The Real Estate Run Has Begun, as the Fed sits in Nowhere land making Nowhere plans for Nobody.

As the Federal Reserve System sits on an Interest rate on Reserve Balances (IORB) of 5.4% that they set by dictate each time they meet for “monetary policy” decisions, the 3-month Treasury bill rate continues to follow it nearly identically. This is true even though the IORB is the rate the Fed began paying in 2008 for all reserves held at the Fed, which was first called the Interest on Excess Reserves (IOER). It became instead the “IORB” once the Fed dropped reserve requirements in 2020, since excess reserves had swooned to $4 trillion. All, despite the fact that the original 2006 Financial Services Regulatory Relief Act was passed to allow the Fed to pay interest to private banks only for the required reserves held at the Fed, not all reserves. (The idea was to level the playing field between small and large banks, since small banks had more reserves per deposits than large banks. Now large banks dominate the receipt of IORB payments).

Since the 3-month T-bill follows the IORB, let’s just use the IORB and see what the real interest rates are. The real rate is the residual of the market rate minus the inflation rate: what you get in interest after inflation when you lend capital.

The IORB rose above the inflation rate for the first time since Trump was President in April 2023 and has stayed above continually now for over a year. For this period from April 2023 to May 2024, the IORB averaged 5.31%, the inflation rate averaged 3.49%, and the real interest rate was by this measure 1.82%. This is after having a negative real T-bill interest rate for nearly every month from 2001 to 2023; there were about 3 years of positive real T-bill interest rates in these 22 years and 19 of negative real interest rates.

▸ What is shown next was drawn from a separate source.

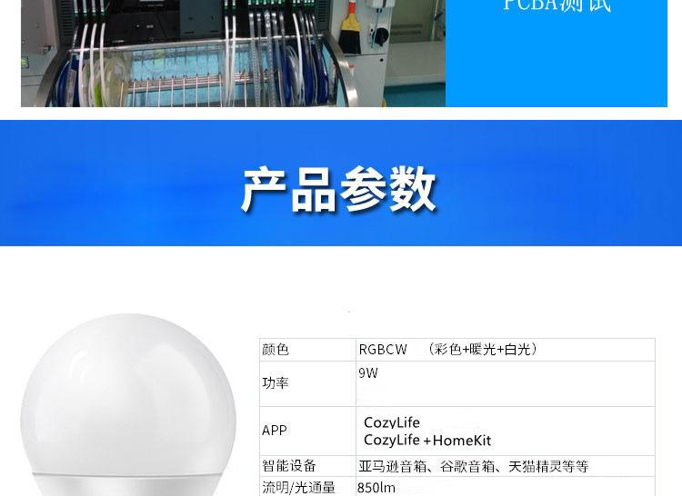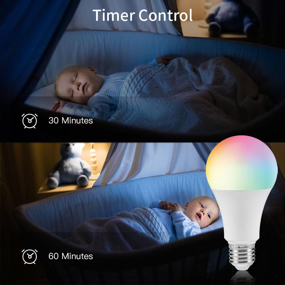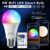 Lâmpada inteligente WIFI, potência real: 9 W. Pode ser conectada a alto-falantes inteligentes como Alexa/Google Home e é compatível com Apple Homekit.

For the last 12 months, the IORB has averaged 5.36% and the inflation rate 3.32%, giving an average positive real interest rate of 2.04%, again after nearly 20 years of negative real interest rates.

The Fed’s abrupt change in policy rates, from driving the real rate negative for two decades to imposing a 2% real rate for the last year, can hugely distort markets. Now we see this Nowhere Man Fed policy driving the real estate market into distress. We finally have a run on real estate holdings after Starwood Capital Group capped withdrawals from its fund. Real estate investment trusts (REITS) as an industry whole face an amount of withdrawals that dwarf the amount of new deposits. This is how a run takes place in markets.

The Fed insists inflation is not low enough to cut rates, when all that matters is what the real interest rate is since this determines the cost of capital. Sitting in their Nowhere Land in Washington D.C., the markets are beginning to implode in the Everywhere Land of global capital markets.